Парень из Семюра кивнул. — Будем держаться до конца, друг, — говорит он. — Само собой, — отзываюсь я. — До конца пути и потом, — добавляет он.
— Само собой.
Я гляжу ему в глаза и знаю: он выдержит, это факт. У него крепкая закваска, у этого парня, и здравые взгляды на все важнейшие вопросы жизни — он выдержит. Пусть взгляды порой немного прямолинейные, смешно было бы ставить ему это в вину. Я смотрю на него и знаю: он выдержит. И однако, он умрет. Умрет завтра на рассвете. Крикнет: «Не бросай меня, друг!» — и умрет.
Спустя два года, почти два года спустя в Асконе, допив вторую чашку кофе, я подумал: как жаль, что парня из Семюра нет в живых. Мне не с кем вспомнить этот путь. Словно я проделал этот путь в одиночку.

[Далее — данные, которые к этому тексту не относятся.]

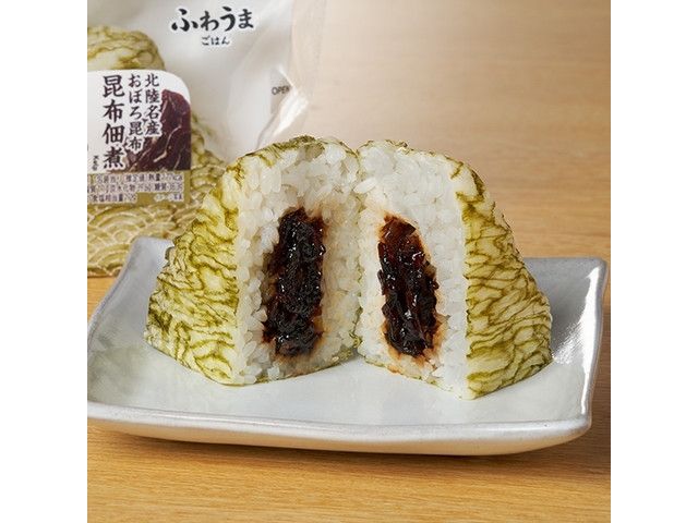 北陸地方でおなじみのおぼろ昆布で包んだ仕立てのおむすびです。ご飯の進む甘辛い味付けの昆布佃煮を包みました。 北陸で販売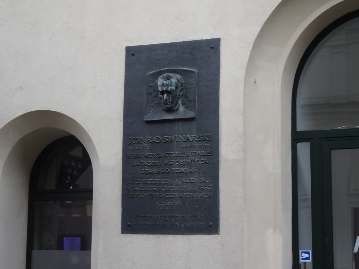Narodowy Stary Teatr. Absolutny cud lat 70. ubiegłego wieku i najlepszy podówczas teatr w Polsce. Bez wątpienia (przy niezwykle marnych warunkach socjalnych). Tryumfalny pochód przez kraj (dławiony cenzurą, jednopartyjną nomenklaturą i niemożnością otwartych kontaktów ze światem) rozpoczęła premiera „Dziadów - Cz.III” w reżyserii Konrada Swinarskiego w r. 1972. Cztery lata po zdjęciu „Dziadów” z afisza w Warszawie, w 1968 r. Tę tablicę dla pamięci reżysera wmurowano w ścianę gmachu obok tablic upamiętniających Władysława Żeleńskiego i Wiktora Sadeckiego.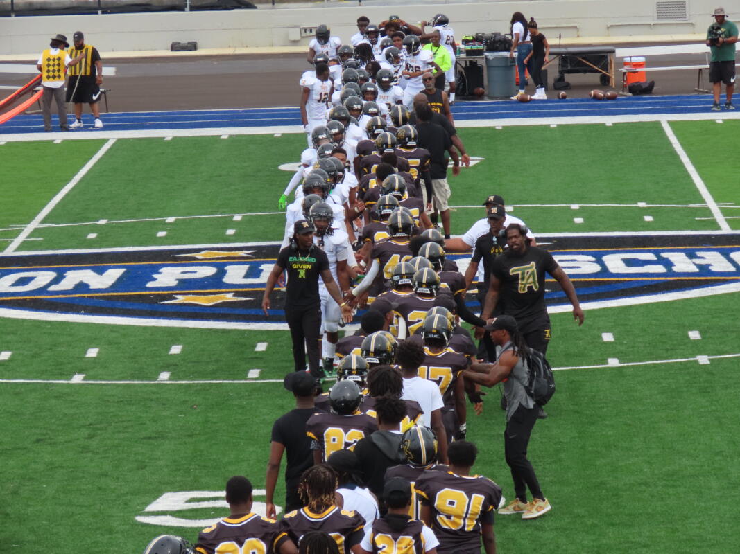 My Saturday afternoon game took me to Welcome Stadium in Dayton, Ohio a place I had not been to since 2017. With new turf, the place looks so much better than it did back then, and with the upgrade, Dayton should really make a bid to host the state finals. There were only a couple of hundred people in the stands to take this game in but the few who were there got to see Cincinnati Taft put on a movie script-like effort as they would not only win the game by fifty-one points they would hold the home team to an unofficial thirty-two yards on thirty-nine plays.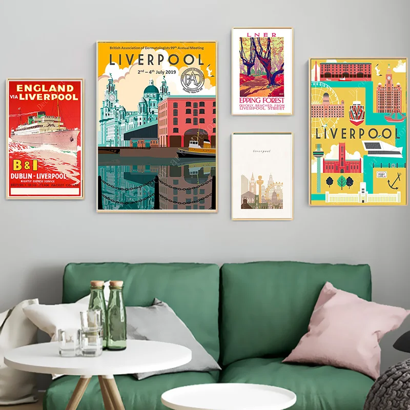 Ливерпуль, Великобритания, Европа, винтажные туристические плакаты, холст, картины, плакат из крафт-бумаги, настенные наклейки с покрытием, украшение для дома, подарок

И теперь я один на один с воспоминаниями об этом пути. Как знать, может, то, что я с ними один на один, будет точить меня всю жизнь. Расплатившись, я медленно бреду по набережной Асконы под зимним солнцем Асконы. Перехожу мост и бреду в сторону Сольдуно. Делать нечего, надо справляться в одиночку — моего друга из Семюра нет в живых.
Вот такое же одиночество захлестнуло меня в тот день, когда я вышел из немецкого дома в деревне, где мы напились на площади родниковой воды. Мы уже возвращались к лагерю — Ару, Пьер, Диего и я, мы шагали молча, а вокруг по-прежнему не было ни души. Впереди открывалась панорама лагеря, теперь мы видели его так, как его должны были видеть местные жители в продолжение всех этих лет. Потому что они видели лагерь, черт возьми, видели как на ладони, волей-неволей должны были видеть все, что там происходит, даже если ничего не хотели знать. Пройдет еще три-четыре дня, и американцы пригонят в лагерь толпу обитателей Веймара. Они покажут им карантинные бараки, в зловонном воздухе которых еще продолжают умирать инвалиды. Они покажут им крематорий, помещение, где эсэсовские врачи производили эксперименты на пленных, покажут им абажуры из человечьей кожи — собственность фрау Ильзы Кох, восхитительные пергаментные абажуры с проступающим голубым узором татуировки. И тогда веймарские женщины в весенних туалетах и веймарские мужчины в очках — профессора и лавочники — начнут плакать, кричать, что они знать ни о чем не знали, что они не виноваты. Признаться, от этого зрелища меня вывернуло наизнанку, я ушел, отыскал пустынный уголок и зарылся лицом в весеннюю траву под деревьями, наполненными весенним шелестом.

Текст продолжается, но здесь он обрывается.